Главным препятствием для меня оказались тридцать долларов, требовавшихся для таможни и гостиницы. Я не мог представить себе, где смогу отыскать запрещённую валюту. Руководительница группы отвела меня в сторонку и вполголоса, «сотто воче», как говорят музыканты, прописала мне программу: по какому телефону позвонить, что сказать, как себя вести и сколько это стоит.
Не отклоняясь от заданной программы, я позвонил ровно в семь, произнёс кодовые слова, получил кодовый ответ. Через пятнадцать минут, стоя на пронизывающем ветру у телефонаавтомата, набрал ещё раз тот же номер, произнёс другие кодовые слова и получил другой кодовый ответ. Проехал две остановки на трамвае, через триста метров зашёл в подъезд, поднялся на второй этаж и позвонил, как было сказано: три длинных, один короткий, ещё два длинных. Открыли, впустили, ждал в коридоре, пока вынесут помойное ведро. Вернулись, завели в комнату, без лишних слов дали тридцать долларов, я отдал свои рубли и ещё подождал минуты три, молодой человек ещё раз вышел на улицу с каким-то свёртком, вскоре вернулся и выпустил меня. Я вышел из подъезда, огляделся и пошёл переулками к троллейбусной остановке. Улицы были пустынны, а снег не чищен: спотыкаясь, я кое-как дошёл до цели.

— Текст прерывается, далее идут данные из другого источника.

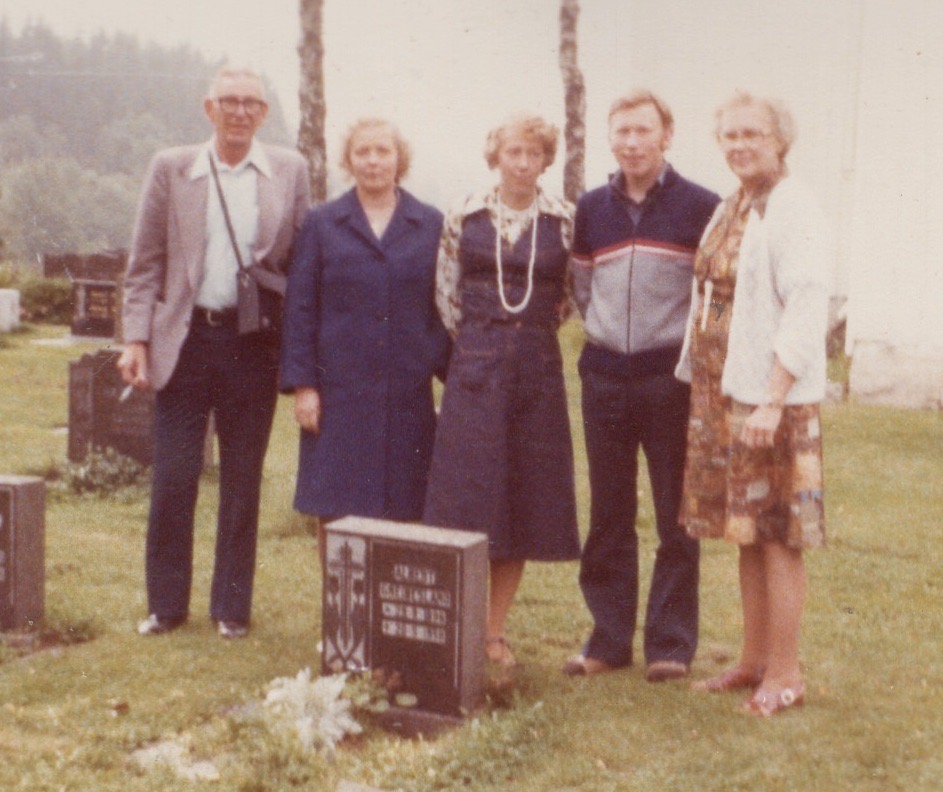 Visit to Norway in 1979; at the gravesite of Albert Greibesland at Øvrebø Church; from left are Eugene Smith (my maternal grandpa), Torbjørg Røyseland Greibesland (Albert’s wife), Halldis Greibesland Larsen (Albert & Torbjørg’s daughter), Alf Greibesland (Albert & Torbjørg’s son), and Phyllis Reiner Smith (my maternal grandma) Two years later, Halldis and her husband Reidar Larsen visited the U.S., staying with my grandparents in Wisconsin as well as my immediate family (then living in Syracuse, Indiana).
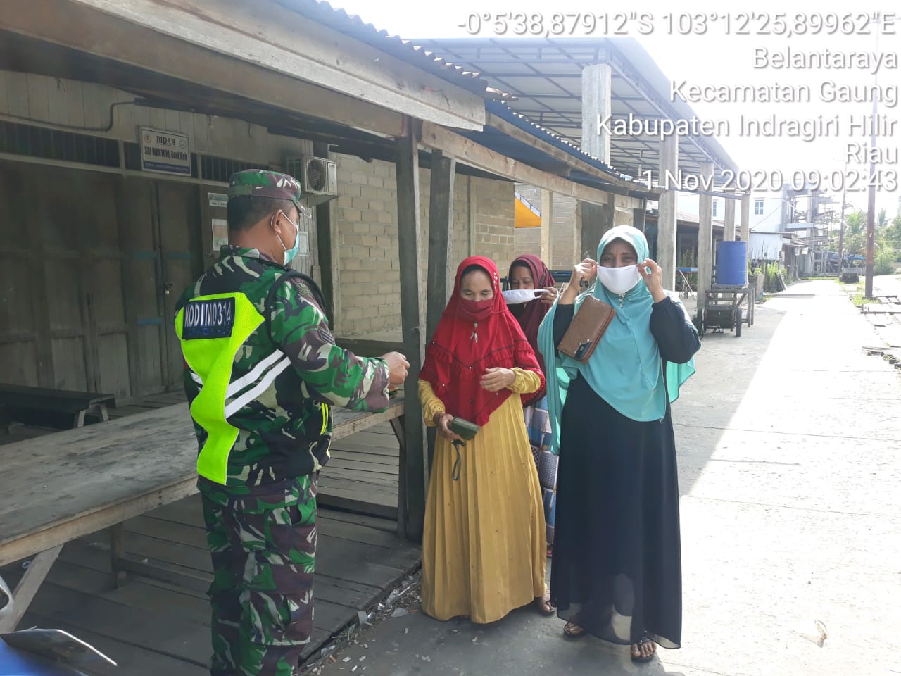 INHILNEWS.COM, GAUNG - Dalam penegakkan disiplin protokol kesehatan hari ini tampak Serka Sasmito tekun melakukan himbauan di pelabuhan,penyeberangan dan pasar di desa belantaraya Minggu (01/11/2020)

Скорый поезд Москва–Пекин легко пробивал вихрящуюся снежную крупу. Из окна на сотни километров – только белыйбелый снег, да редкие будки обходчиков. От этого в купе особенно тепло и уютно. На столике рядом с двумя бутылками водки давно забытая копчёная красная рыба, отварная курица с озерками желе во впадинках, много запечённой картошки с золотистым луком. Неожиданно с верхней полки через головы спускают двухлитровую банку квашеной капусты в оранжевых чёрточках моркови и бусинках клюквы. Мне не совсем ловко за этим столом. По устоявшимся оркестровым традициям зарубежных гастролей я взял с собой лишь две банки тушёнки, да хрустящие хлебцы, ну и с десяток пакетиков кофе. А народ не стесняется, ест и пьёт от души – в Китай едут не впервой. Помимо моих знакомых из НЭТИ, – физика, историка и математика, – врач-хирург, супруги – муж биолог и жена генетик – из Академгородка, и тренер по биатлону. Компания сбитая, все давно и хорошо друг друга знают. Только я здесь новенький, потому ощущаю ненавязчивое внимание. Биатлонист взялся обучать меня считать юани. Зажимаешь тремя пальцами, переламывая через указательный, и подлистываешь большим – хочешь юани, а хочешь – доллары или рубли. Перед делом и после дела, как Отче наш. Чувствуешь, прогораешь, переверни и опять пересчитай – обязательно пойдёшь в гору.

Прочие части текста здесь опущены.